An astonishing masterpiece
24 April 2004
Warning: Spoilers
Like "Bienvenido Mr Marshall", this film earns its keep first of all by being wickedly funny, an achievement that once again depends partly on the director's gift for distilling his somewhat baleful observation of Spanish society into a series of deft, economical verbal and visual gags and tableaux, and partly on the talents of the unforgettable Jose Isbert, who plays, with variations, his inherited role as an apparently humourless old man to whom hilarious situations just casually adhere as he muddles through life. In "Mr Marshall" a sly rascal with a curiously intermittent hearing problem, here he acquires a touch of the wry reflectiveness of the old man whose profession condemns him to virtual social ostracism, who can invite his future son-in-law to "here, put your fingers into this light socket" with all the casual gentility of someone offering a top-up to a glass of sherry.

Next to him, and reaching over from comedy towards understated tragedy, Nino Manfredi turns in a flawless performance as the young man who dreams of going to Germany to learn the trade of mechanic, but gets prodded and browbeaten into a hasty marriage, then into accepting the title and benefits of a job he hopes never to have to perform, and then... The way this progression is conveyed is masterly: while he's clearly (and fatally) manipulable (esp. by his wife), we are never for a moment allowed to dismiss, or laugh at, his character as a simpleton, even though we may laugh with uneasy recognition at his clumsy attempts at courtship (distilled in an EXT scene where he first cleans the dog-dirt from his shoe, then invites his beloved to dance, then gets shouted at for "using up someone else's music" and ends up having to provide the music himself by whistling). He is, we decide, a decent human being who mostly tries to stay out of trouble and do the right thing for himself, his wife and future offspring - the true guilt lies elsewhere. The obscure tragedy we see happening is of a man being gradually and remorselessly deprived of his values and self-respect before he's even had time to become fully aware of them or decide how important they are to him. The implied social criticism leading on from that (throttled back, as always, to get past the censors) is fairly obvious.
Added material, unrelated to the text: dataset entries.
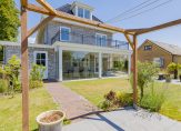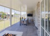 Achter de woning wacht een royale veranda met glazen schuifwanden – dé plek om te ontspannen of te genieten van lange zomeravonden. Ook op koelere dagen zit je hier beschut en uit de wind; al bij een beetje zon is het verrassend aangenaam, en met een heater of haard maak je het extra comfortabel. Dankzij de aanwezige televisieaansluiting is dit ook een heerlijke plek voor een avondje series of sport kijken.
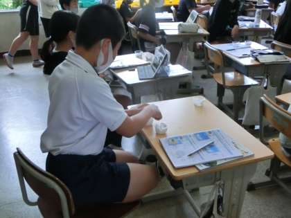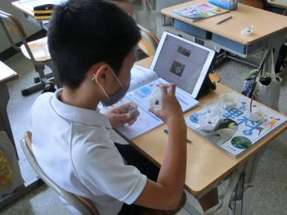 植物の発芽の条件について、実際に発芽したインゲンやこれまでの実験結果の写真をもとに整理しました。これまでの実験結果は、タブレットを使って、学級全員で共有しています。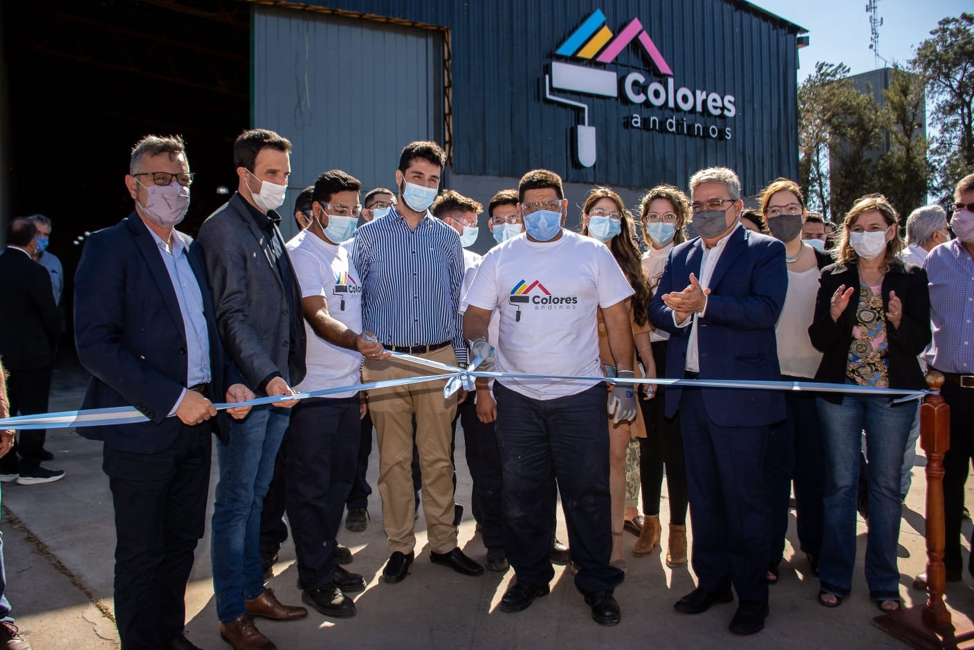 Antes del acto, las autoridades se hicieron presente primero en la planta de Colores Andinos, cuyos propietarios, de origen riojano, hicieron una inversión cercana a los 200 mil dólares, para instalar una fábrica de pinturas sintéticas de base látex y acuosas.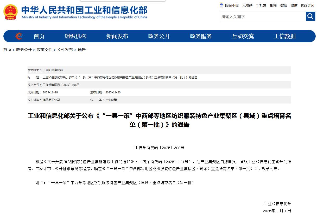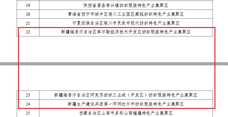 a a. a-11月20日,工业和信息化部网站公布了第一批“一县一策”中西部等地区纺织服装特色产业集聚区(县域)重点培育名单。其中,新疆有3地入选,分别是:库尔勒经济技术开发区纺织服装特色产业集聚区、阿克苏纺织工业城(开发区)纺织服装特色产业集聚区、兵团第一师阿拉尔市纺织服装特色产业集聚区。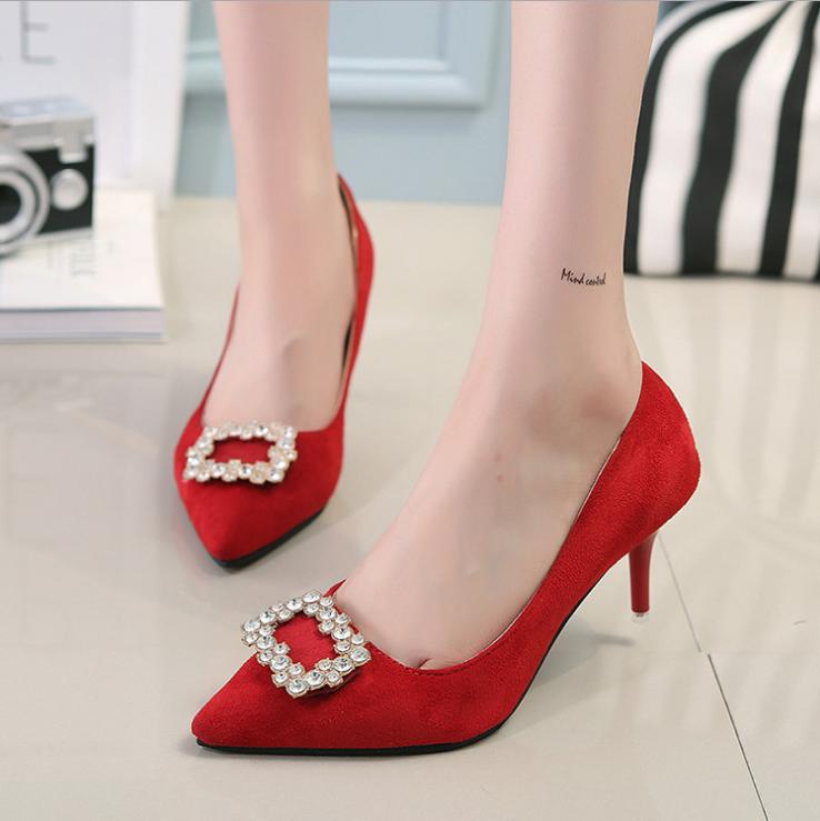 Large size reverse string high heels 40~43 size pointed shallow mouth thin heel square buckle CD fake mother cross-dress high heels wedding shoes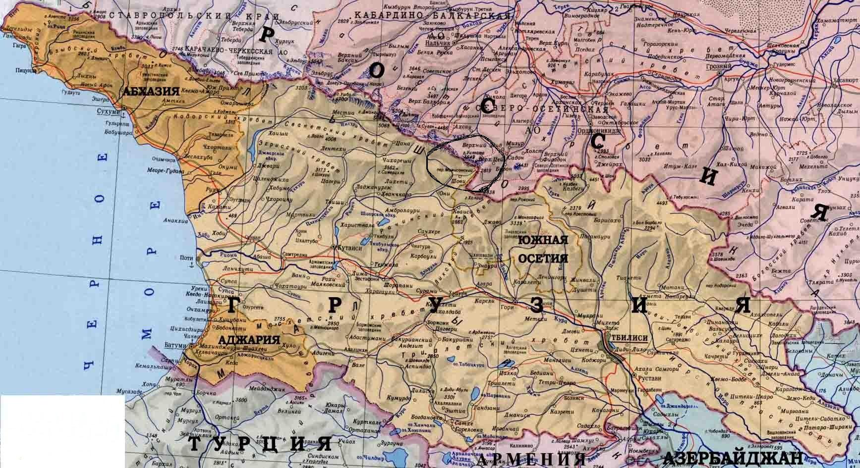 "у Мамисонского перевала, примерно в 20 километрах от российско-грузинской границы, 10 июня был взорвал т.н. Николаевский мост. В подрыве моста население села Глола обвиняет пограничные войска Грузии. Село находится в 25 километрах от границы и граничит с курортом Шови.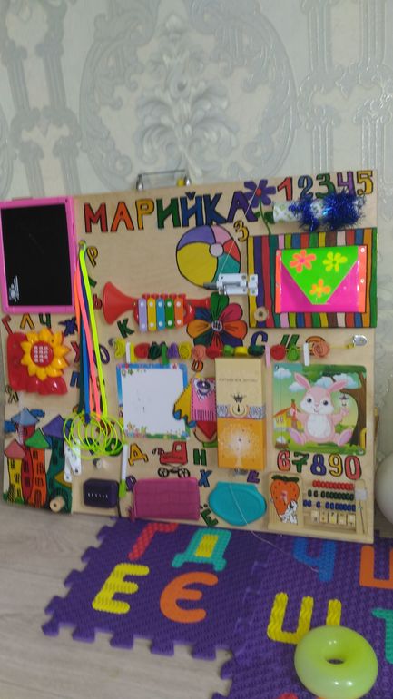 На нашем дверца, шпингалеты, колеса( вот их она обожает). К выключателю равнодушна. Зеркальце можено ещё. Вилку с розетками специально не делали, чтобы не думала, что это игрушка
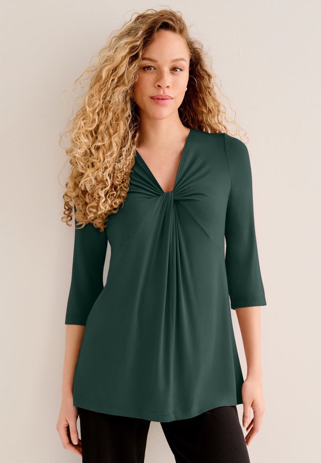 Stretch Knit V-neck 3/4 Sleeve Knot Front Tunic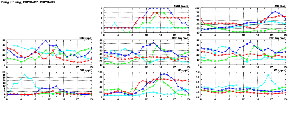 | Air Quality Data Time Series in Tung Chung (2017/04/30) | ( Line colors: Day -3 Day -2 Day -1 Current day ) | 2D Map Current AQHI |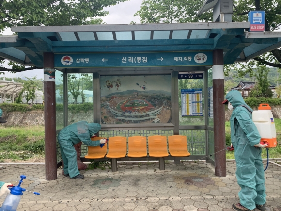 | 봉산면 주민자치위원회(위원장 김호경)는 4일 코로나19의 지역사회 추가 확산 방지를 위해 버스승강장, 경로당 등 관내 다중이용시설에 대해 집중소독을 실시했다.

Which leads us to those astonishing final scenes: the fairylit grotto in Palma de Mallorca where a largely tourist audience wait expectantly for some watery spectacle to occur, only to see a surreal tricorned Civil Guard drifting through in a boat and calling out to Manfredi's "Jose Luis Rodriguez" in a stentorian, megaphone-amplified "whisper"; then the scene in which we are offered a crane shot of an unfurnished prison yard with a door in the far corner, towards which we watch Jose Luis being hustled or dragged, weakly protesting, by a mixed contingent of priest and guards, very much as if he himself were the condemned prisoner. There's something so allusively haunting about that shot - whether it's the poignant detail of the dropped hat, whether the stuffing of a fat group of black-clothed people through a narrow door inspires Biblical reminiscences or suggests a birth in reverse - that it alone propels this film into some pretty select company in terms of artistic greatness. But, again like Mr Marshall, this film is so packed with visual and verbal gems that it would take a book, and several dozen viewings, to come anywhere near doing it justice.